The issue here I think is not in trying to make the machine. It’s in trying to make the machine work miracles right out of the gate. It’s possible to make life easier for the patient without promising Star Trek level technology. A lot of the expense and difficulty that comes with running these tests is coming out of inefficiencies that are held in place by the hospital taking the blood and the insurance paying for it. If it were possible to streamline this and make it take fewer steps, it would naturally be cheaper and easier for the patient because there’d be less arguing between all parties at every step.

Look at the Instapot, for a much simpler example that isn’t tied to insurance profits: it was a simple pressure cooker with few features that could cook on the countertop instead of the stove. It reduces the risk of the customer hurting themselves because it pressurizes itself and monitors the temperature internally. That’s a cool thing! And at first it was all that it did. But then it also added a yogurt setting! And it can cook rice now, too! The newer models keep getting better and better, and it didn’t have to start off with the promise of being able to make whatever you want right off the bat to be worthwhile.

Perhaps the blood machine could have taken the same amount of blood as traditional tests do, but done all the tests within the machine. Perhaps it could have narrowed its scope to use less blood in the first place, and left the specialist tests to specialist labs. Maybe it could have even built its own pipelines to those places. Now we’ll probably never know. Investors have had their feelings hurt, and the next Theranos may have to crowdfund.

No Man’s Sky

Investors can really screw up a development path no matter what the product is. To go completely digital and talk about the same phenomenon elsewhere, there’s video games. Look across the gaming news headlines for games that came out waaay before they were ready: there seems to be more than ever. Everything from Pokemon to DOOM Eternal comes with bugs that must be patched out in updates after release.

               The problem happening here is that the game designer has good ideas, the development team is skilled, but the people funding the game want it now.
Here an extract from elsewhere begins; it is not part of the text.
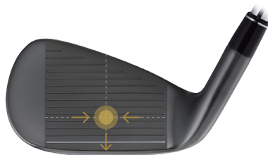
#6 - PW

Structure that realizes an improved consistency and confidence

They want it yesterday. They’re paying for these people to pursue a career that many people only dream of, and by golly do they expect those teams to be grateful to work 80-120 hours a week based on a completely arbitrary release date. Pokemon Scarlet and Violet is fun but buggy; Overwatch 2 has poorly optimized features that the original game did really well. They are not rare exceptions anymore. Triple-A games are being strangled by a need to get investors and their owning company a lot of money really fast.

Worse, sometimes it’s not even the investors – sometimes it’s the fans themselves. No Man’s Sky is a good game now. But during the press circuit run up to the game, the head developer and manager of the project was being pressured not only to increase the scope of the game, but also keep the same strict timeline they’d had when they initially announced launch. It’s not unusual for games like that to be delayed a bit or longer – it was putting a lot of pressure on the team, who ultimately ended up releasing a project a little bit worse than what they’d set out to make (with quite few bugs making it feel worse than it really was even at that point in time – it needed polishing) but way worse than everyone was expecting. No Man’s Sky was supposed to be a magnum opus of indie gaming – it only lived up to that years down the road after a lot of hard work and patches made by the original producers.
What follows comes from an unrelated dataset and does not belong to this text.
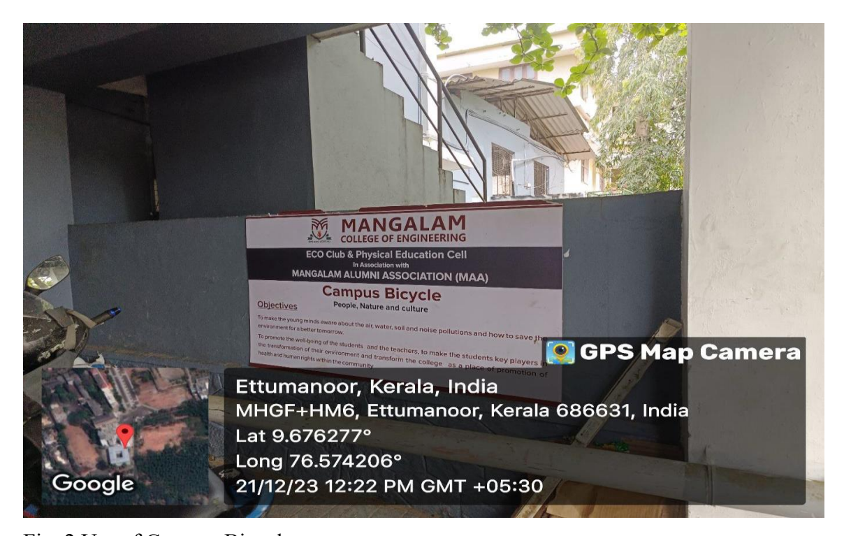
Fig. 2 Use of Campus Bicycles

The Horizon: Prince of Persia

In a rare example of refunding money for an as of yet incomplete project, Ubisoft has announced that people who paid for the Prince of Persia pre-order will be getting a refund. The game isn’t ready, yet, and they don’t know when it really will be.

This is a fantastic step towards slowing the self-destructive cycle of shoving incomplete games out the door. It turns out the product doesn’t need to be exaggerated to get it to sell, and it doesn’t have to ship incomplete. Those are choices, usually choices not made by the people assembling the game, or the blood testing machine, or any number of products that have come out and promptly flopped.